Third, when the diverse person offers testimony of their experience, it often will be met with default skepticism by the non-diverse hearer. Berenstain argues that these skeptical responses falsely position the dominant hearer as an epistemic peer concerning oppressive experiences. This creates an additional demand to respond for the marginalized person as well as the risk of being seen as “losing the debate” if one does not answer “correctly” (Berenstain, 2016, pp.579–580). Such circumstances can lead to “gaslighting,” wherein repeated skepticism from members of privileged groups leads marginalized individuals to doubt their own experiences, and to hesitancy about sharing those experiences in the first place (Berenstain, 2016, pp. 580–581; cf. Dotson, 2011).
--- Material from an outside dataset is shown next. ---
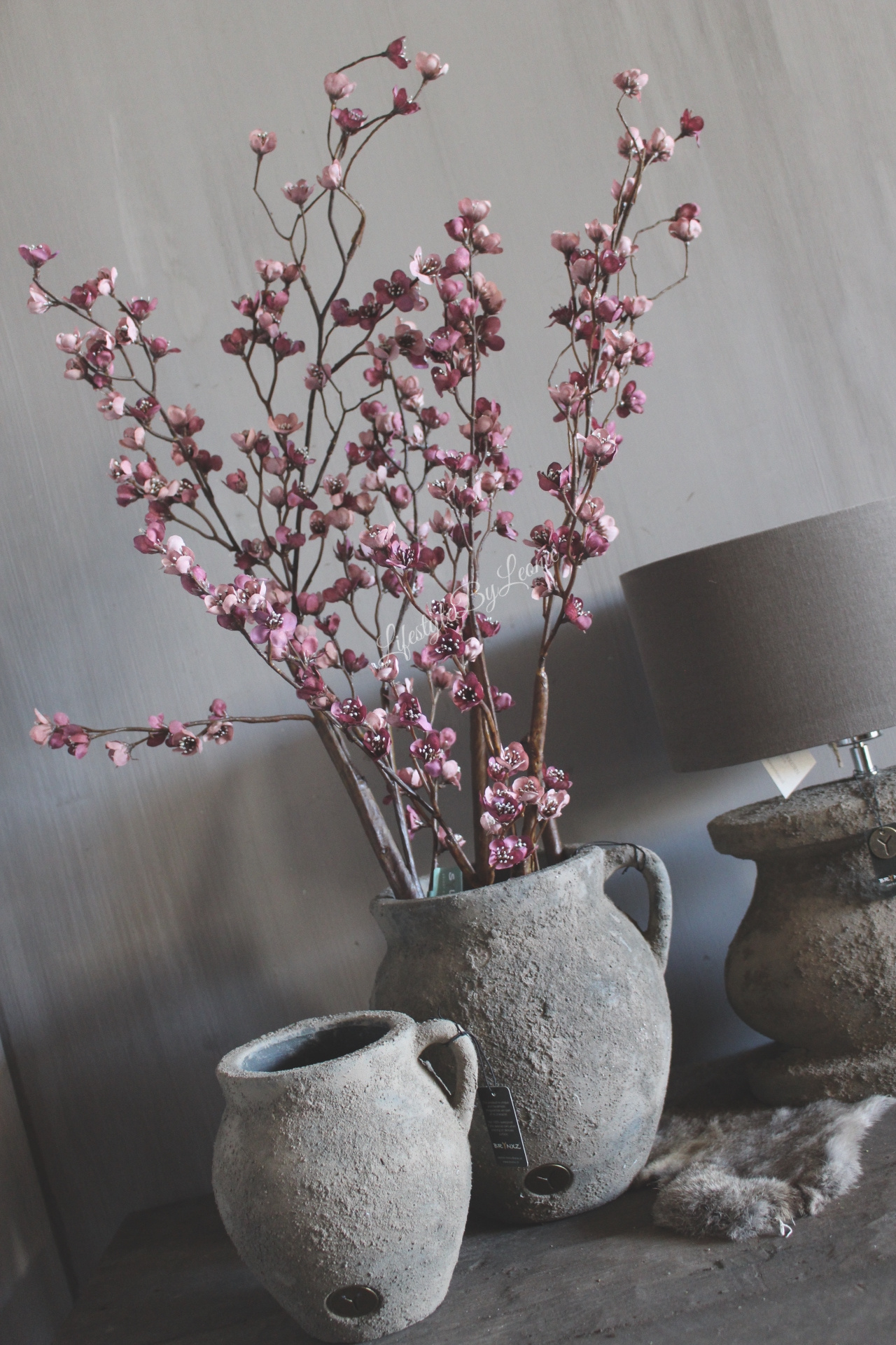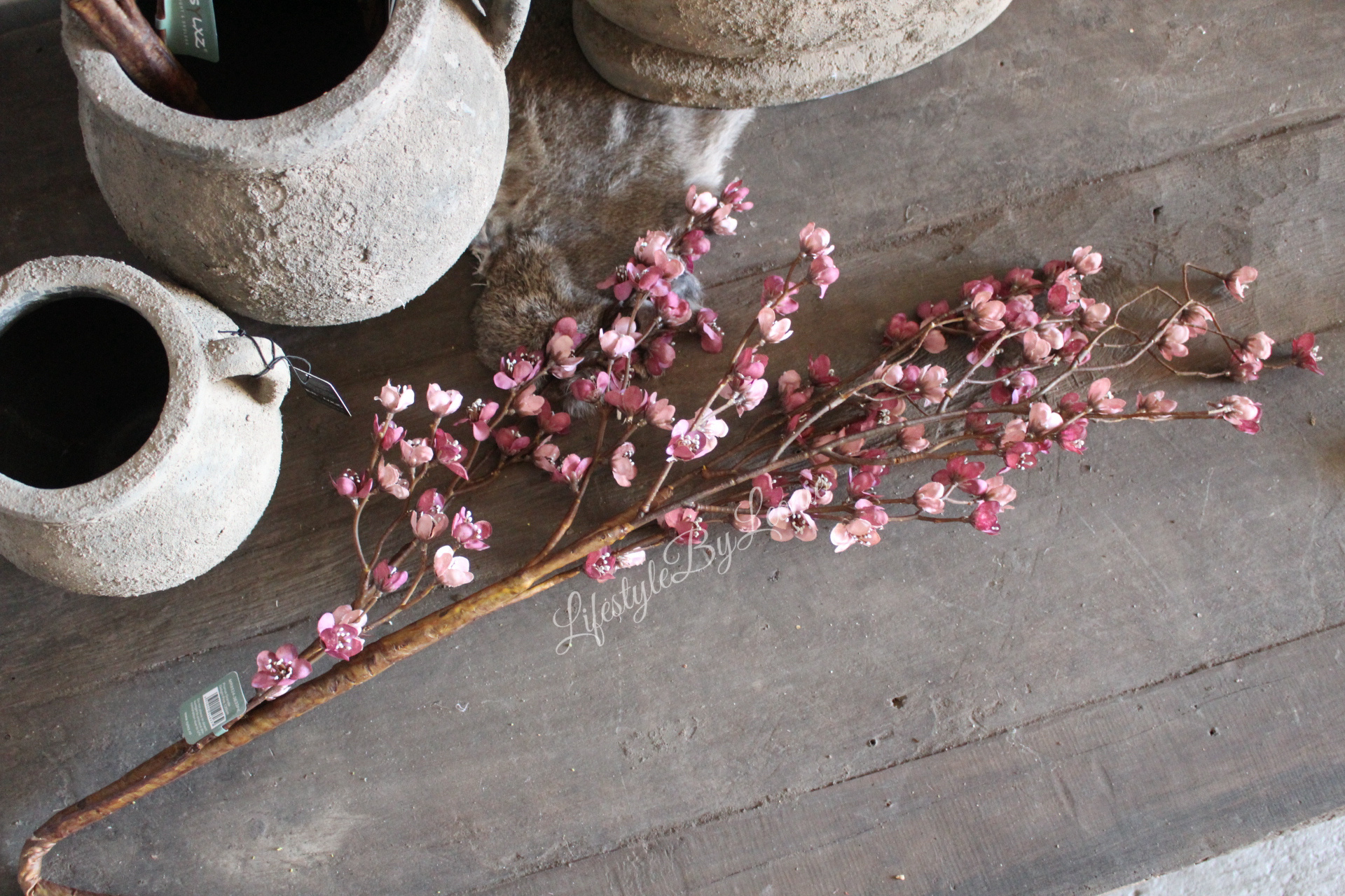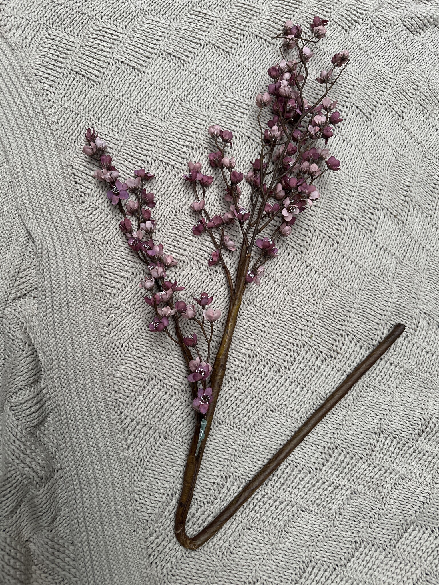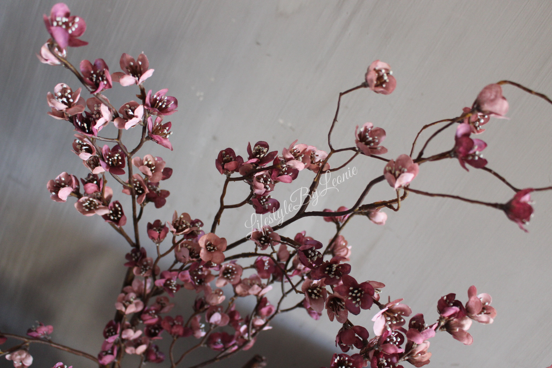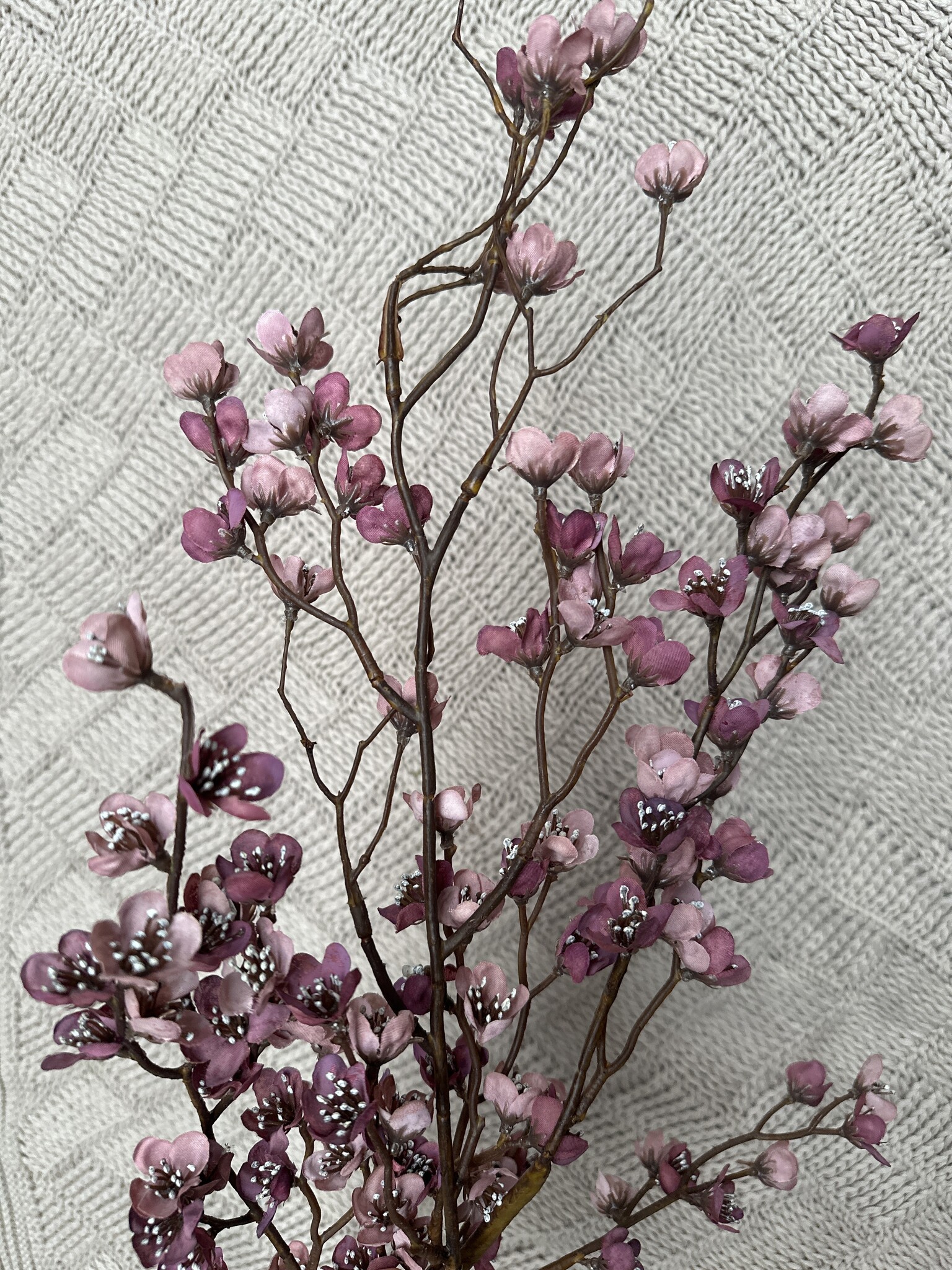 Grote Prunus kunsttak van Brynxz met bloesem in een oudroze/paarse kleur. Deze kunsttak is 130 cm lang.

Another aspect of the diverse person’s burden can be found in Dotson’s (2012b) paper “How is this paper philosophy?”. As the title suggests, marginalized individuals are more likely to be asked to provide extra justification as to how their respective endeavors fit within a field or organization. This paper specifically targets exclusionary mechanisms in philosophy, yet it is easy to imagine similar dynamics in other contexts. Dotson (2012b) discusses how historical power structures affect what is seen as a legitimate project and how much justification is needed. There are two insights which are particularly noteworthy for our discussion: first, this extra demand for justification rests on field specific norms which are skewed in favor of the dominant group. This means that marginalized groups have to perform an extra effort to justify their projects in line with the norms of the historically powerful.

Furthermore, according to Dotson, marginalized groups are more likely to rightfully question and deny these norms. Consequently, this can make it difficult for the diverse person to justify their interests in line with traditional norms and, yet again, puts the burden of changing these norms on them.
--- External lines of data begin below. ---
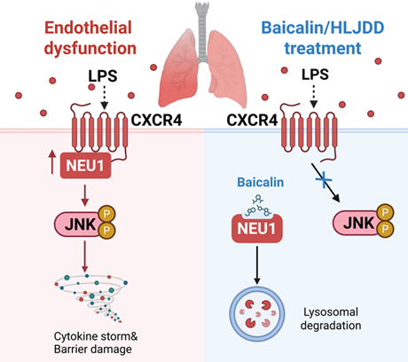 “Previously, we focused on the physiological and pathological functions of NEU1, and screened many natural molecules targeting NEU1, among which baicalin is one,” adds lead author Yu-Je Wu. “We demonstrated that baicalin can significantly improve ALI, and baicalin can bind to NEU1, promoting its degradation via the lysosomal pathway, thereby inhibiting the CXCR4/JNK signaling pathway.”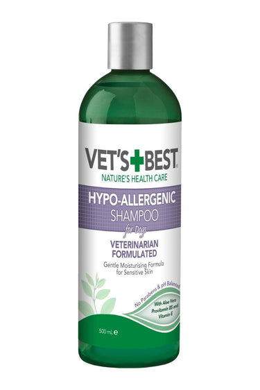 Vet´s Best Hypo-Allergenic Shampoo renser og fukter sensitiv hud, lindrer kløe og bidrar til å jevne ut tørr, sprø pels. Denne beroligende blandingen av aloe vera, allantoin og vitamin E er nøye sammensatt for raskt å pleie tørr, flassende og sensitiv hud.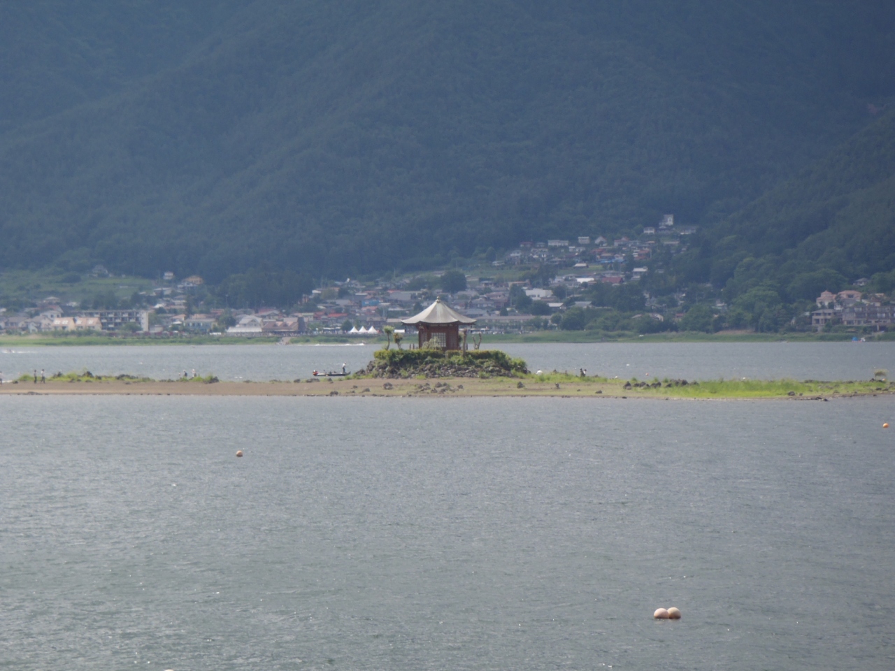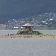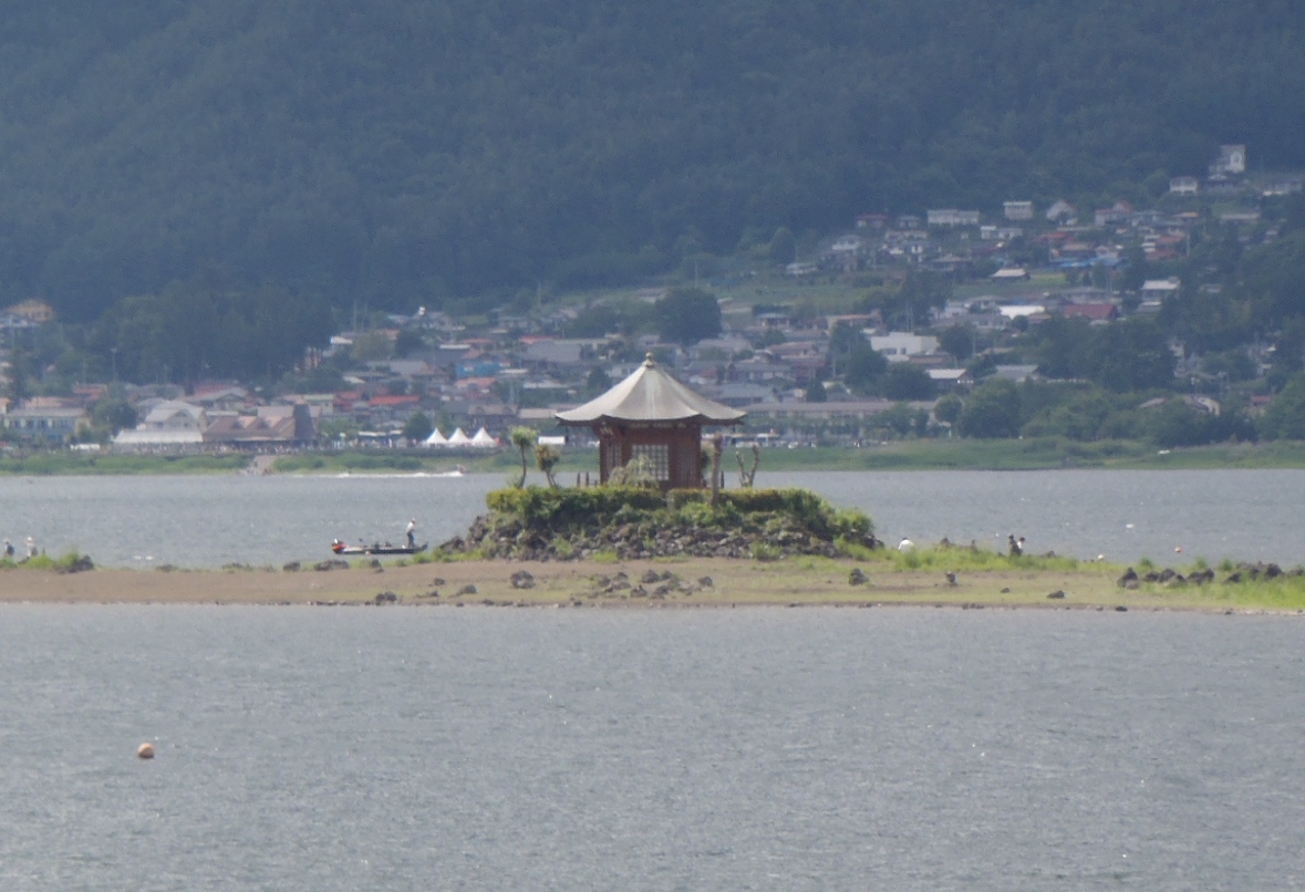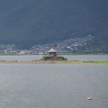 河口湖南岸付近には「湖に浮かぶ不思議なお堂」と目を引く建物がある。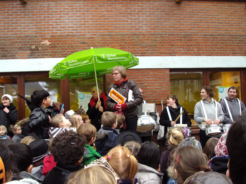 Vandaag kwamen de mensen van de Oxfam wereldwinkel met een fanfare naar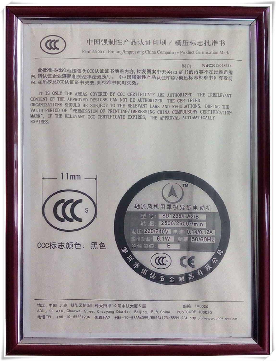 中国强制性产品认证印刷批准书

All of these harmful social and epistemic practices are furthermore closely tied to certain types of ignorance which arise due to the social position of an epistemic agent (e.g. Dotson 2012a; Pohlhaus 2012). There are two types of ignorance which are particularly relevant in this context: (1) ignorance in terms of neglecting and dismissing certain epistemic resources and (2) ignorance which actively distorts and misrepresents parts of the social reality. To illustrate these two types of ignorance, consider Dotson’s point that marginalized groups have always developed so-called “alternative epistemologies, countermythologies, and hidden transcripts” (Dotson, 2012a, p. 31). Failure by members of non-marginalized groups to acknowledge and consider these epistemic resources constitutes willful hermeneutical ignorance (Pohlhaus 2012), which can result in distorted perceptions of social reality and contributory epistemic injustice (Dotson, 2012a).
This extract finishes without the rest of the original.